Don’t forget to ask for help for yourself. “When my wife’s mom fell ill, we had an uncle who would come by once a week and stay with the kids, which gave my wife time to go to the park or see a movie,” says Steven Huberman, founding dean of Touro College Graduate School of Social Work. Ask for emotional support, too. If you tell a loved one that the thing you really need is someone to listen, most will happily show up—and feel like they’re being useful.
Express your gratitude. Caregiving can be emotionally fraught. Acknowledging everyone’s contributions sets a positive tone, which can go a long way toward relieving stress and avoiding tension and resentment.
These smartphone apps might make your life a little easier.
To help you stay organized… Caring Village lets you coordinate activities like transportation, meal delivery, and errands; store important documents; and manage medications. Another app, called CaringBridge, allows you to update—and receive assistance from—friends and family during a crisis.
To help you provide better care… Need to treat a nosebleed, or a twisted ankle? First Aid: American Red Cross has advice for almost any everyday health emergency, and comes complete with step-by-step guides and videos. If your loved one is in pain, the PainScale app allows you to log and track pain symptoms over time. And eCare21 syncs information like glucose level, heart rate, weight, calorie intake, and sleep from wearable devices like a smartwatch or Fitbit.
To help you feel less harried… Sanvello uses techniques based on cognitive behavior therapy and mindfulness to address stress and anxiety. You should also check out Happify, which offers science-based activities and games to reduce stress, quell negative thoughts, and build resilience.
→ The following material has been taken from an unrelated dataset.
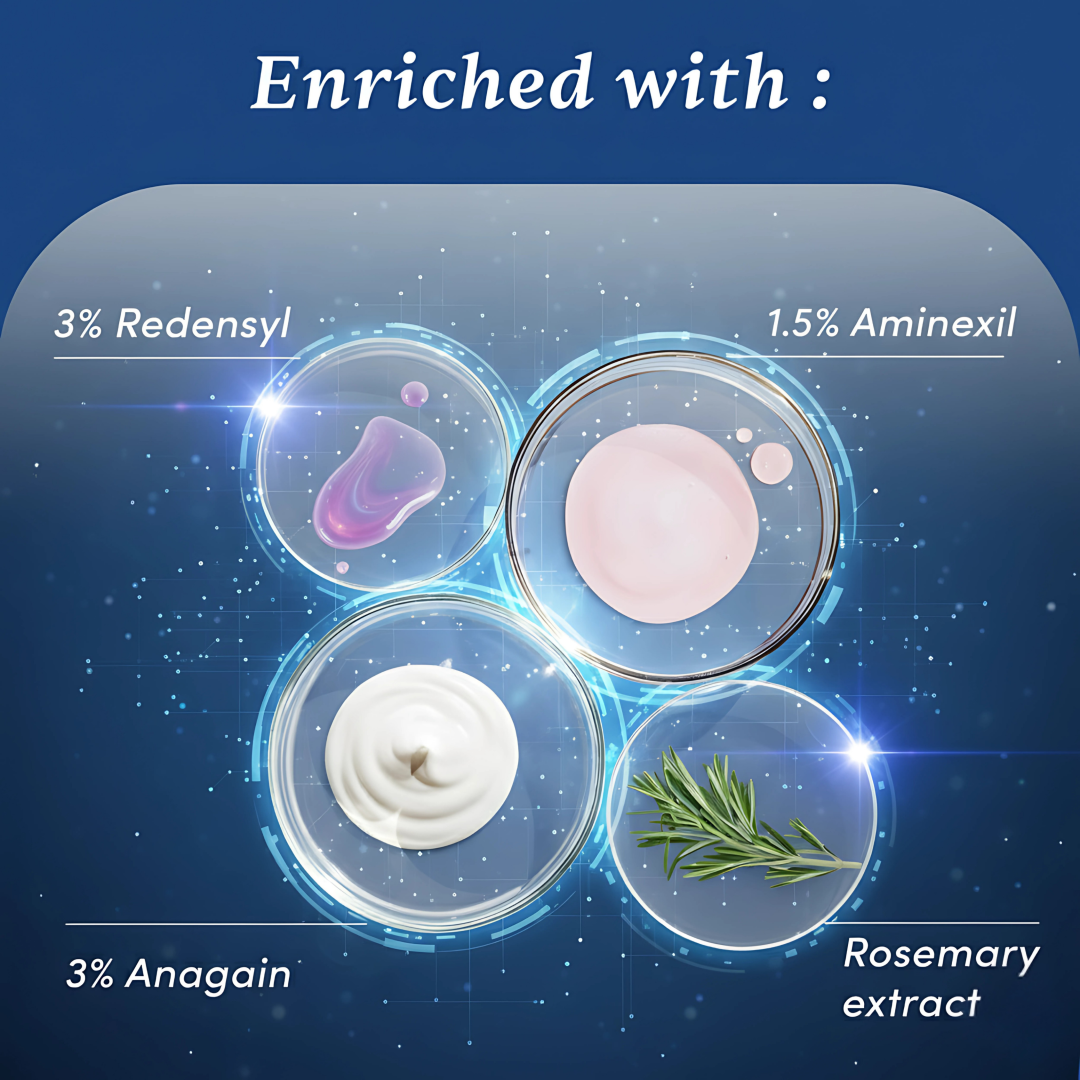 Enriched with Redensyl, Aminexil, Anagain, Procapil and Baicapil, this mix is Clinically Tested to boost growth.

It might have you list things you’re grateful for or notice positive words—all of which can help you think more optimistically.
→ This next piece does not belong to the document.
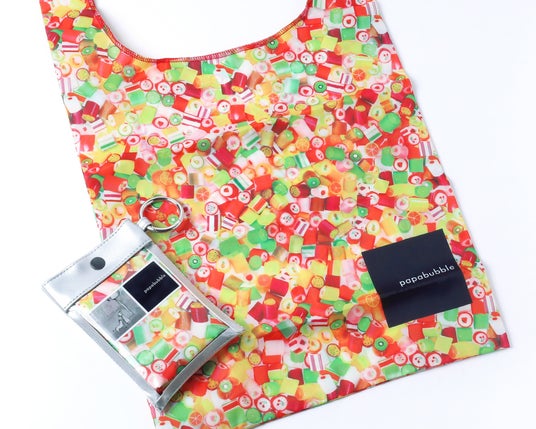 「フルーツミックス」をモチーフにした華やかなキャンディ柄のエコバッグを、実際のキャンディBAGとほぼ同サイズの専用ポーチに収納。実用性とデザイン性を兼ね備えた、毎日使いたくなるアイテムです。

Caring for someone far away
Long-distance caregiving is its own kind of burden. “You don’t have the daily demands, but the uncertainty and guilt can be tough,” says Sara Douglas, PhD, RN, a professor at Case Western Reserve University’s Frances Payne Bolton School of Nursing. Fortunately, no matter where you are, you can provide indispensable help.
Find a local point person. “Whether it’s a family member, friend, or neighbor, you need someone who can visit your loved one and provide accurate information about key issues,” says Douglas. “Is there food in the fridge? Are they eating? Are they getting to their appointments?”
Ask for assignments. Some examples of things you can do from afar: Pay bills online, arrange transportation, communicate with doctors, create and share a Google Calendar so local caregivers can coordinate meal delivery and taking out the trash, or post updates for family and friends.
Sit in on doctor’s visits remotely. You can use FaceTime or video conferencing. “Most doctors are open to it,” Douglas says.
Time your visits thoughtfully. Arrange them so you can give the local caregiver a break. “Ask when would work best—maybe a time when they can take a vacation,” suggests Douglas.
Consider hiring a nurse, or a social worker. If you can afford the extra expense, a professional caregiver may alleviate some of your worry, says Douglas.